The DOE’s failure to meet its January 31 deadline occurred after it issued its new guidelines for responding to requests.

“The DOE’s FOIL Unit is working diligently to implement the new regulation across all open FOIL requests, including requests pre-dating the new regulation,” DOE spokesman Douglas Cohen said in a March 8 email. “Because of the large number of existing requests, and an increase in new requests since the regulation was adopted, implementation remains ongoing.”

The revised regulations now specify that the department will provide a “reasonable date” for responses that require more time and give those who file poorly worded or overly cumbersome requests an opportunity to edit them.

The new rules don’t explicitly end New York City’s contested practice of extending due dates repeatedly — a practice criticized by state officials tasked to monitor public records disputes.

“There is no provision in the statute for repeated extensions,” said Robert Freeman, executive director of the Committee on Open Government, a branch of New York’s Department of State, in an analysis of the DOE’s response to requests filed by the New York Post. In a 2016 lawsuit, the newspaper alleged that the agency impermissibly delayed responding to several of its requests, which included asks for information ranging from the costs of information technology to details about cheating incidents.

The 74 asked the Committee in February to provide an opinion about whether the DOE has followed the law in its response to the request for misconduct decisions.

New Yorkers seeking education records have often been frustrated and forced to wait months or years for a response from the agency. Its holdups have occasioned lawsuits, a failing grade in a 2013 report by now-Mayor Bill de Blasio when he was the city’s public advocate, and frequent criticism from journalists, advocates, scholars, and parents, who say the DOE flouts state law.

The DOE’s original response said requested records would be provided in May 2016.

A 74 analysis last fall found that requests for public records sometimes went unanswered for more than 700 business days. Hundreds of requests remained open for more than a year.

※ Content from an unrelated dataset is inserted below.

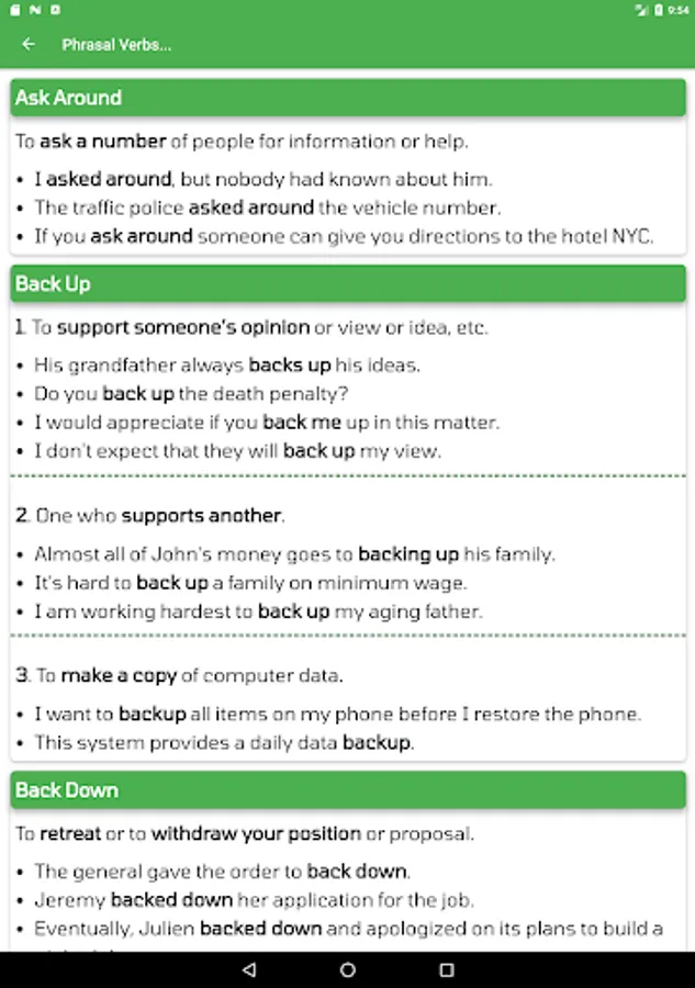 - Phrasal Verbs - Use of the most frequently used English phrasal verbs

Under FOIL, agencies are required to respond within 20 days after granting a request. When additional time is needed, officials must provide a “date certain within a reasonable period” for providing records.

In July 2017, after sporadically receiving extension notices for 15 months following its April 2016 filing, The 74 argued that the department’s actions were indistinguishable from refusing to provide any answer.

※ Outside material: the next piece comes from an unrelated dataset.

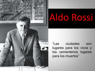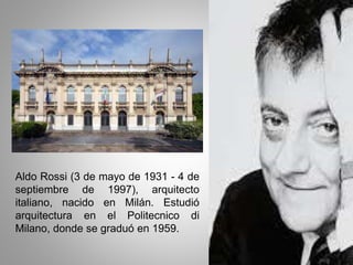 Aldo Rossi fue un arquitecto italiano nacido en 1931. En su obra planteó que las ciudades están compuestas de tres elementos: la trama urbana, el tejido y los monumentos. Defendió que las ciudades deben mantener su morfología a lo largo del tiempo aunque sus funciones puedan cambiar. Rossi también desarrolló un método de diseño basado en la descomposición y recomposición de elementos arquitectónicos llamados "piezas".

Friedman, who runs the agency’s legal operations, including the records office, rejected that argument on July 28 but said he would direct DOE lawyers to release a “reasonable number” of the requested records each month “with production of the entirety to be completed by January 31, 2018.”

The agency did provide partial records for three months, most of them cases involving teachers accused of incompetence rather than misconduct. The responses stopped after September, and for four months The 74 did not receive a communication of any kind. On February 1, the day after Friedman said all records were to be provided, the DOE sent a letter extending an “interim” due date to February 21.

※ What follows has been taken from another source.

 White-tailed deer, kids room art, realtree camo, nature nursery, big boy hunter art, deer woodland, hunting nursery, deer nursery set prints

That deadline also passed without any records being shared. The 74 didn’t hear from the DOE again until March 2, after it directed questions to the department’s press office for this article. The FOIL office said in a letter that The 74 would receive a final response to its request on April 30 — two years and 10 days after it was filed.

Freeman, from the open government committee, told The 74 last October that he was hopeful the DOE’s new rules would lead to a change.

“I think that if [DOE officials] stick to them, the changes that have been made represent improvements,” he said. “The hope is that we will see much more efficient response to FOIL requests. We will see fewer unreasonable and unjustifiable delays. We will see more seriousness given to compliance with FOIL.”